From the results, it is clear that the NB lags behind the performance of the dictionary due to its overfit on negative samples, but somewhat more sophisticated machine learning solutions (LR, SVM) already perform better. In terms of the order, there is no difference between the -M and -M, N corpus versions. The results show that removing neutral sentences in addition to mixed sentences improved the results in all cases (in the case of the POLTEXTLAB dictionary, improving the F1 value by 0.03). This shows that the vocabulary of sentences belonging to the mixed category showed a significant overlap between the positive and negative words included in the POLTEXTLAB dictionary. Here, again, the clear superiority of the BERT-based solution can be observed.

7 Future work

We hope that the basic resources created and presented will provide baseline results to which the performance of increasingly advanced machine learning algorithms can be compared in the future.

In this paper, we have started from the simplest dictionary approaches, through different machine learning algorithms, to presenting the possibilities provided by state-of-the-art context-dependent embeddings, as an important goal of this paper was to help researchers with less comprehensive NLP expertise to implement sentiment analysis procedures with some easy-to-implement solutions.
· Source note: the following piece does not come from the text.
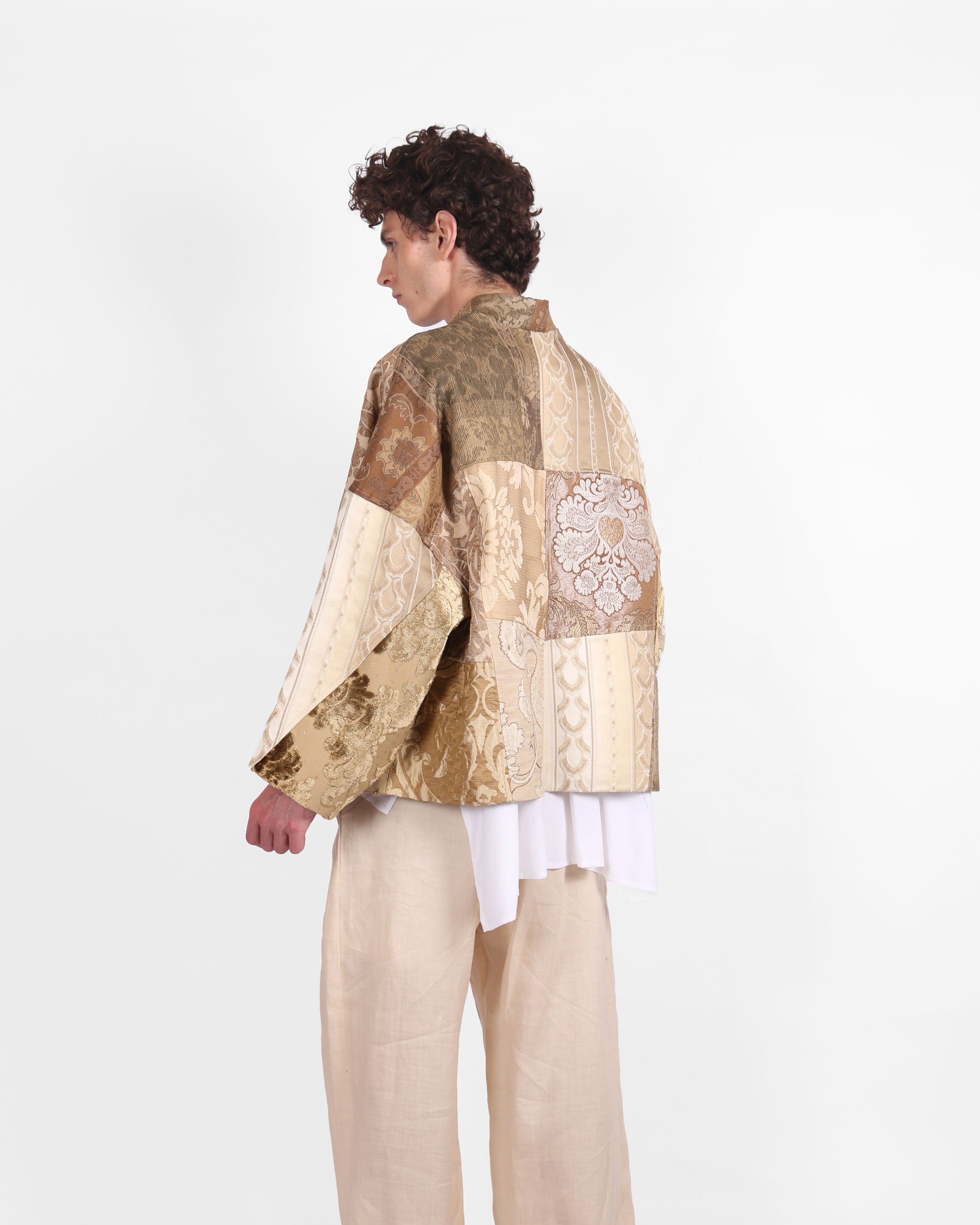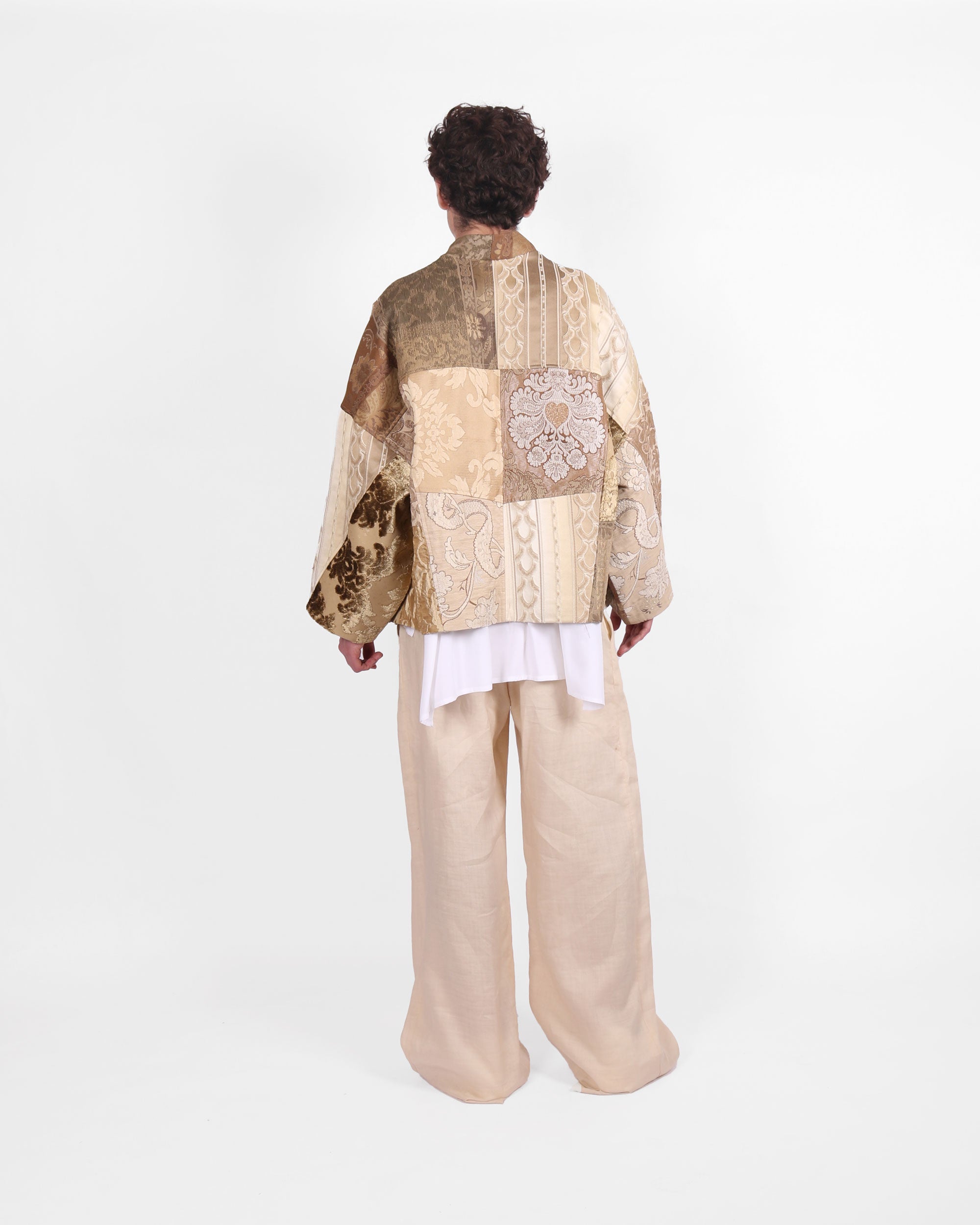 A Wide Cut Kimono Jacket with long sleeves, pockets, and a band collar.
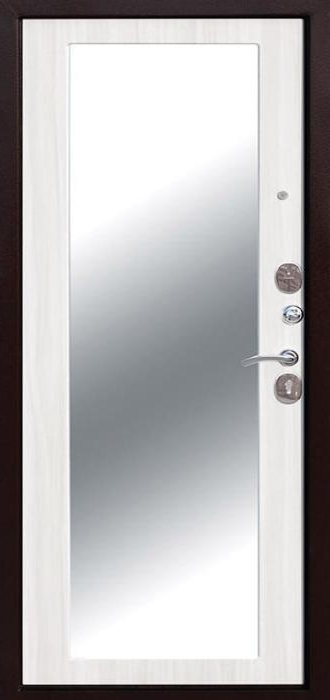 Сдержанный белый цвет придаёт модели лёгкость и визуальную чистоту, а зеркало внутри делает её особенно удобной для городских квартир и офисов, где важна каждая деталь интерьера. Белая входная дверь в квартиру с зеркалом №50 сочетает в себе функциональность и надёжность: прочный стальной каркас из профильной трубы и лист металла толщиной 2 мм обеспечивает защиту, рёбра жёсткости усиливают конструкцию, а два контура уплотнителей помогают снизить проникновение сквозняков и шума. Отделка из МДФ-накладок устойчива к царапинам и не теряет аккуратного вида даже при активной эксплуатации. Зеркальная вставка экономит пространство и делает коридор светлее, а наличие двух замков — сувальдного Просам и цилиндрового Мосрентген — обеспечивает дополнительный уровень безопасности. Белая входная дверь в квартиру с зеркалом №50 от производителя: быстрое изготовление и монтаж в Дзержинском, индивидуальные размеры, широкий выбор материалов и фурнитуры, официальная гарантия до 10 лет.

The role of context-dependent embeddings that can be extracted from neural network-based models (e.g. BERT) is twofold; on the one hand, it can serve as the cornerstone of the entire dictionary construction pipeline described in the study when applying the SentProp algorithm, and machine learning models can also be built with their help, for example during the fine-tuning of transformer-based models. In the future, we plan to use the latter to build a model that will be able to perform sentiment analysis tasks on political texts using cutting-edge methods more efficiently, also identifying the aspect of the sentiment (Aspect Based Sentiment Analysis), than the cutting-edge methods presented here, although requiring more NLP expertise.

8 Conclusion

In this paper, we presented different approaches for the automated sentiment analysis of Hungarian political news sentences. We presented a novel sentiment annotation framework, a political sentiment dictionary, a benchmark corpus, and a fine-tuned BERT model, and compared the performances of different dictionaries and machine learning algorithms.
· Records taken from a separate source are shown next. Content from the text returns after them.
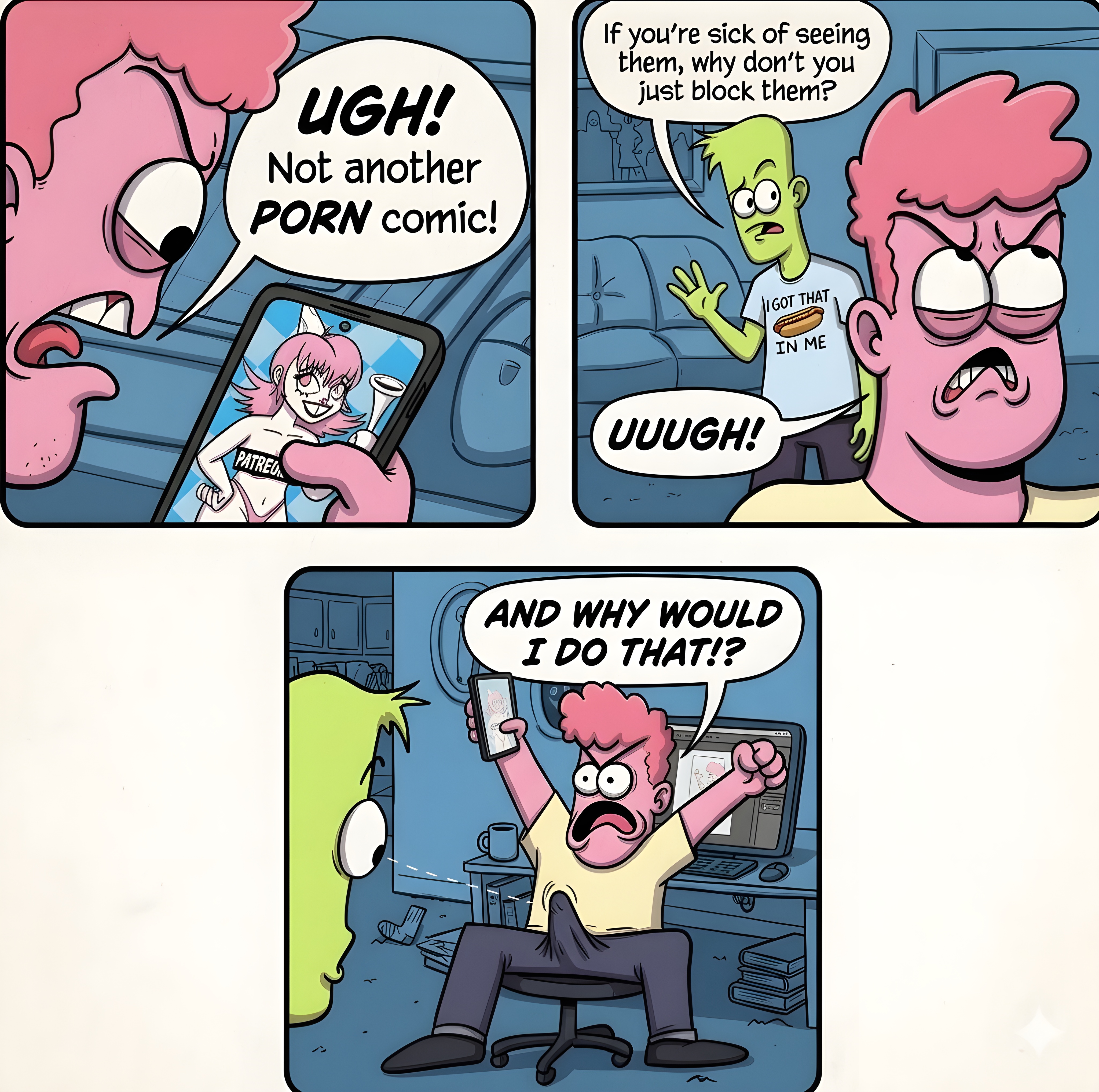 I think in this case porn comic is an allegory for beep themselves. If everyone is so upset at them, why not block the account? And that people get off on harassing them.
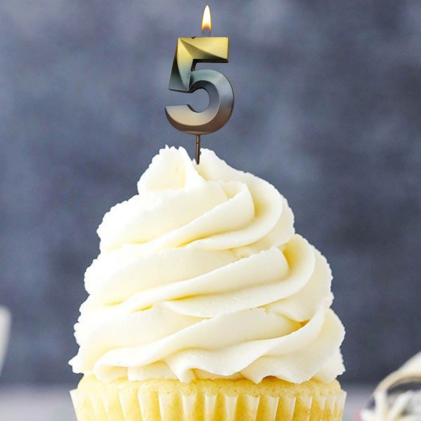 STYLISH DESIGN:Our Numerical Candle Number 5 features a sleek and stylish design that effortlessly enhances any cake, cupcake, or dessert. Featuring a beautiful metallic golden, purple and pink shade, the candle is carefully shaped into the number five , ensuring a clear and distinct presentation.
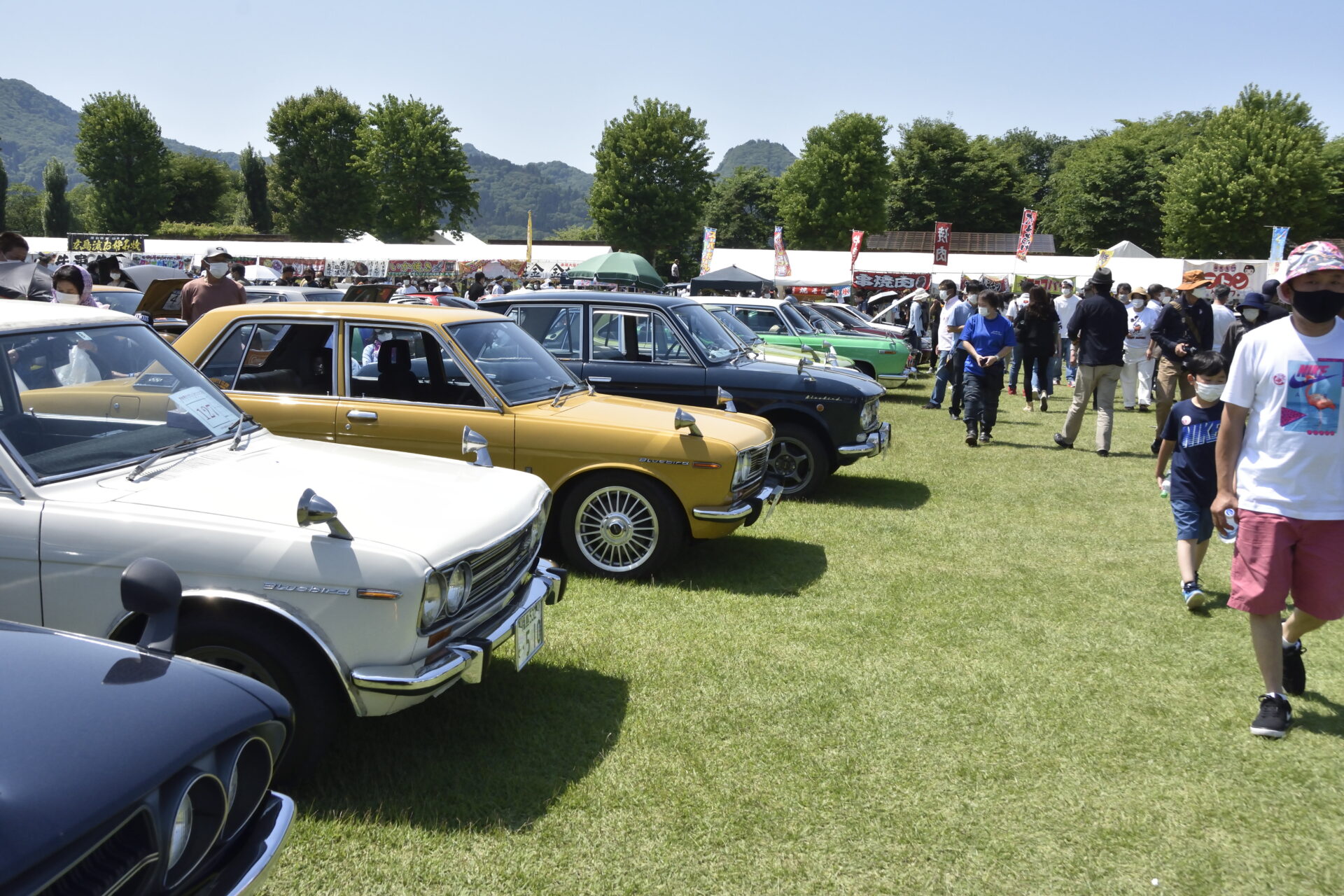 また、ご当地ヒーローショーや、自衛隊車両など働く車の展示、カーグッズなどが販売されるフリーマーケット、町内外のグルメが充実した出店コーナーなど、車好きはもちろん、大人から子どもまで楽しめるクラシックカーイベントです。

We presented the elaboration of a new political sentiment dictionary with an average of 0.57 F1 score in positive and negative dimensions when only positive and negative sentences were present in the test corpus. In comparison with the Hungarian general-purpose dictionary, the NRC Word-Emotion Association Lexicon, and the Bing-Liu sentiment dictionary, the new POLTEXTLAB dictionary had better performance in all categories. It was proved that the developed domain-specific dictionary performed better on political texts than the domain-independent ones used for the comparison.

We have presented an example of why morphologically rich languages, such as Hungarian, require special treatment during every step of Natural Language Processing tasks and how significant improvement can be achieved by using appropriate pre-processing methods.

We found that negative emotions are expressed in a much more complex way, as shown by the system of inductively identified emotions. Later we aggregated these emotions into positive, negative, and mixed sentiment categories. Our important conclusion was that the results achieved with dictionaries could surpass the simplest tested machine learning algorithm (Naive Bayes). This may be related to the proportion of negative sentences with a significant preponderance in the corpus and the consequent overfitting of the NB.

We also tested the efficiency of various machine learning algorithms, including a fine-tuned BERT model, which has shown excellent performance.

Overall, we believe that our paper demonstrates well the advantages and disadvantages of the different approaches. For researchers with limited NLP skills, we offer a domain-specific dictionary option, which is a fast and cost-effective solution, although its performance is significantly below that of machine learning approaches. For those who have the required expertise and can afford the cost of manual annotation and fine-tuning, the use of a transformer-based model is the best choice.